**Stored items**
☆ ☆ ☆ ☆ ☆ ☆ ☆

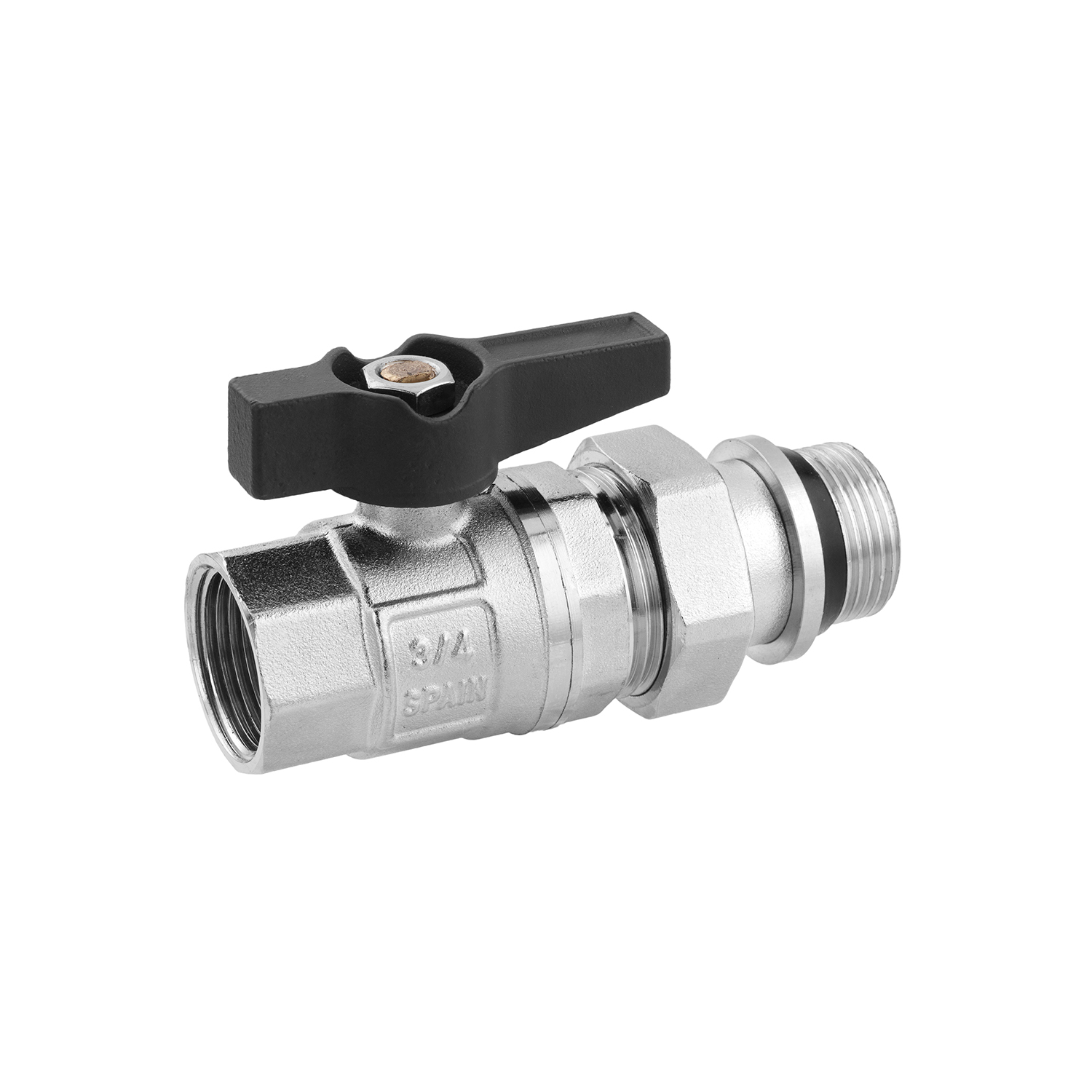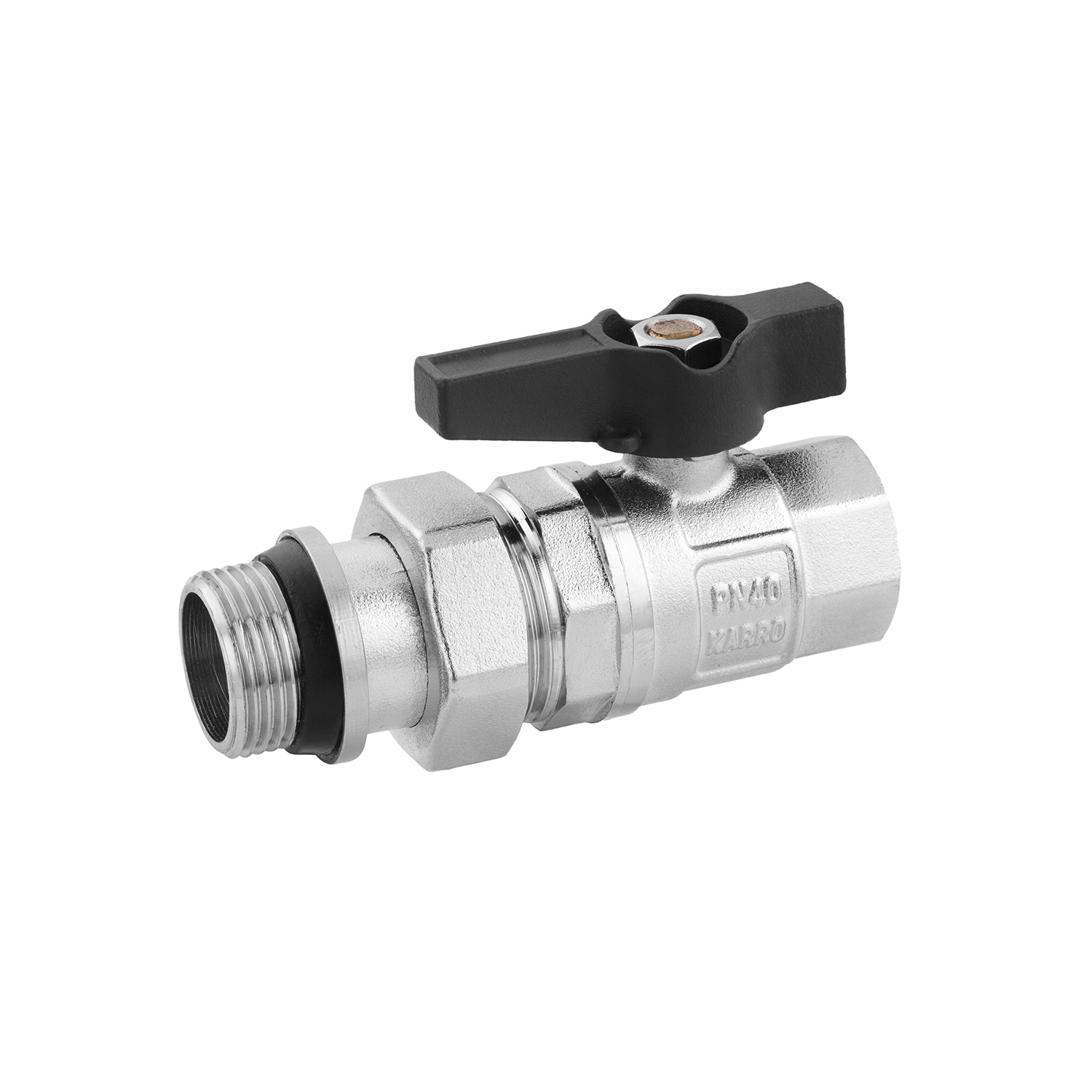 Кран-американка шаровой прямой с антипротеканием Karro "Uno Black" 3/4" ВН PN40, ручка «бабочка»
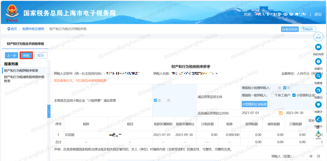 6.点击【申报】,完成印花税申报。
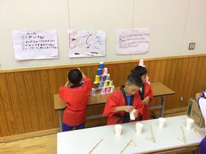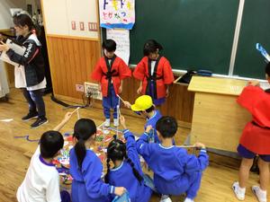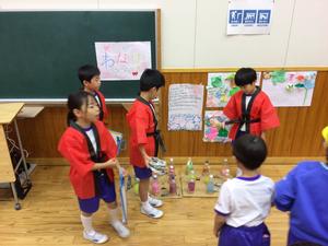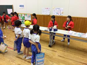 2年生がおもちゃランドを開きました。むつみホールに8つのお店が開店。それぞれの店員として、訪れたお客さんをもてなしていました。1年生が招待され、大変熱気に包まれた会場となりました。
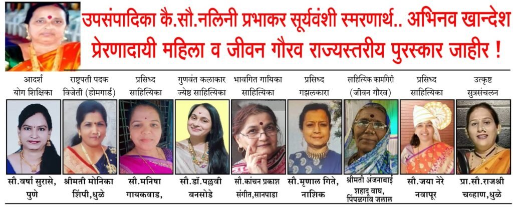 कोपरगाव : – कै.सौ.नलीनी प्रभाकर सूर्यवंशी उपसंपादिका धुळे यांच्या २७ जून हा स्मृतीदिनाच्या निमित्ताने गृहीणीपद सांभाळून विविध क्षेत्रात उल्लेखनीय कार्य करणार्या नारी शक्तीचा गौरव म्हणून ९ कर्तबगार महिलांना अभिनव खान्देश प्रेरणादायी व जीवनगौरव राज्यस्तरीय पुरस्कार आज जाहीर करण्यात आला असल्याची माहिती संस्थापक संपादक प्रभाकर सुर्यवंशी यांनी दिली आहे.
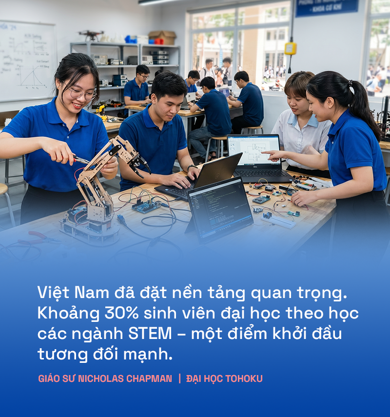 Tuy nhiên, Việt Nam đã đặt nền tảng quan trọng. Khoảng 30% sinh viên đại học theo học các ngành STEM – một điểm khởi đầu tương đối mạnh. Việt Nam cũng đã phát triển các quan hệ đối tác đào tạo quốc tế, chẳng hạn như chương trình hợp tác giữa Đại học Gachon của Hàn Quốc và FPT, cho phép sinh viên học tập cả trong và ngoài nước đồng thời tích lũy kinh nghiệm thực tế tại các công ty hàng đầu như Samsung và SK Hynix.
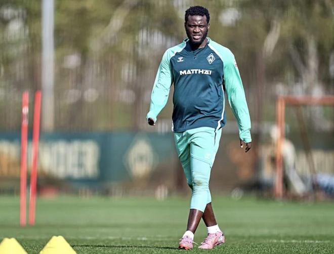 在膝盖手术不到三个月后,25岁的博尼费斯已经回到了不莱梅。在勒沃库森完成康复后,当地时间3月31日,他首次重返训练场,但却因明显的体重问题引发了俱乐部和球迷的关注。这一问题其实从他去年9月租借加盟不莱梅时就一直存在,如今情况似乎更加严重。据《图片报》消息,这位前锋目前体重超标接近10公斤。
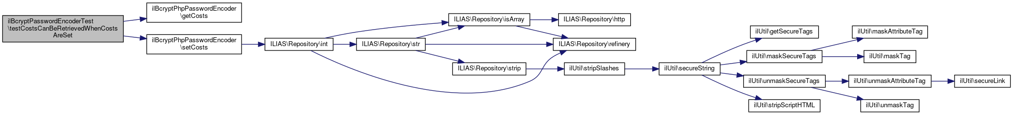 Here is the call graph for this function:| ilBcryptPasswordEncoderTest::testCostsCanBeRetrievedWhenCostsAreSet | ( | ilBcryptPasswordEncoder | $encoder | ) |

☆ ☆ ☆ ☆ ☆ ☆ ☆

**WHAT YOU SHOULD DO**
Print exactly the lines above that run from the one with "6.点击【申报】,完成印花税申报。" down to the one with "在膝盖手术不到三个月后,25", and omit the pictures.

**THE ANSWER**
 6.点击【申报】,完成印花税申报。
 2年生がおもちゃランドを開きました。むつみホールに8つのお店が開店。それぞれの店員として、訪れたお客さんをもてなしていました。1年生が招待され、大変熱気に包まれた会場となりました。
 कोपरगाव : – कै.सौ.नलीनी प्रभाकर सूर्यवंशी उपसंपादिका धुळे यांच्या २७ जून हा स्मृतीदिनाच्या निमित्ताने गृहीणीपद सांभाळून विविध क्षेत्रात उल्लेखनीय कार्य करणार्या नारी शक्तीचा गौरव म्हणून ९ कर्तबगार महिलांना अभिनव खान्देश प्रेरणादायी व जीवनगौरव राज्यस्तरीय पुरस्कार आज जाहीर करण्यात आला असल्याची माहिती संस्थापक संपादक प्रभाकर सुर्यवंशी यांनी दिली आहे.
 Tuy nhiên, Việt Nam đã đặt nền tảng quan trọng. Khoảng 30% sinh viên đại học theo học các ngành STEM – một điểm khởi đầu tương đối mạnh. Việt Nam cũng đã phát triển các quan hệ đối tác đào tạo quốc tế, chẳng hạn như chương trình hợp tác giữa Đại học Gachon của Hàn Quốc và FPT, cho phép sinh viên học tập cả trong và ngoài nước đồng thời tích lũy kinh nghiệm thực tế tại các công ty hàng đầu như Samsung và SK Hynix.
 在膝盖手术不到三个月后,25岁的博尼费斯已经回到了不莱梅。在勒沃库森完成康复后,当地时间3月31日,他首次重返训练场,但却因明显的体重问题引发了俱乐部和球迷的关注。这一问题其实从他去年9月租借加盟不莱梅时就一直存在,如今情况似乎更加严重。据《图片报》消息,这位前锋目前体重超标接近10公斤。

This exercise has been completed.